**Data section:**
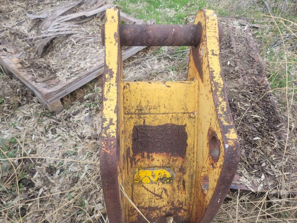 JD 1 foot bucket. Top pin about 2 1/8". Bottom pin about 1 15/16. Has JD 310 welded on back. Call Alan. No text. 801-420-4620
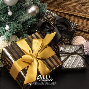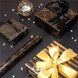 🧿【RANG OF USE】Black paper with metallic gold pattern perfect for Christmas and Birthday gift wrapping.
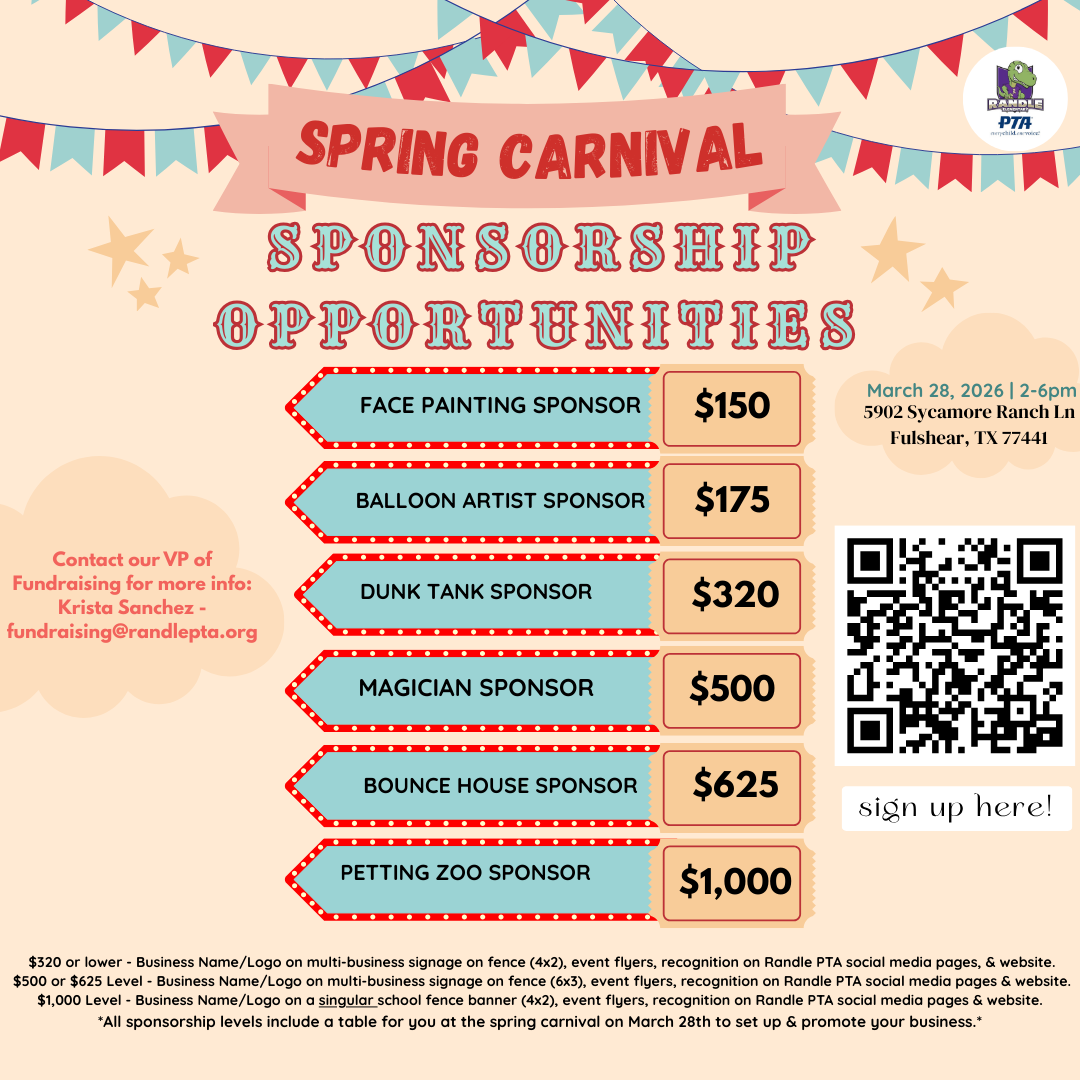 *$320 or lower – Business Name/Logo on multi-business signage on fence (4×2), event flyers, recognition on Randle PTA social media pages & website.

**What the task requires:** Copy out, unchanged, the span of lines beginning with the one that includes "Birthday gift wrapping." and running through the final line of the material above. Leave the pictures out.

**Problem solution:**
 🧿【RANG OF USE】Black paper with metallic gold pattern perfect for Christmas and Birthday gift wrapping.
 *$320 or lower – Business Name/Logo on multi-business signage on fence (4×2), event flyers, recognition on Randle PTA social media pages & website.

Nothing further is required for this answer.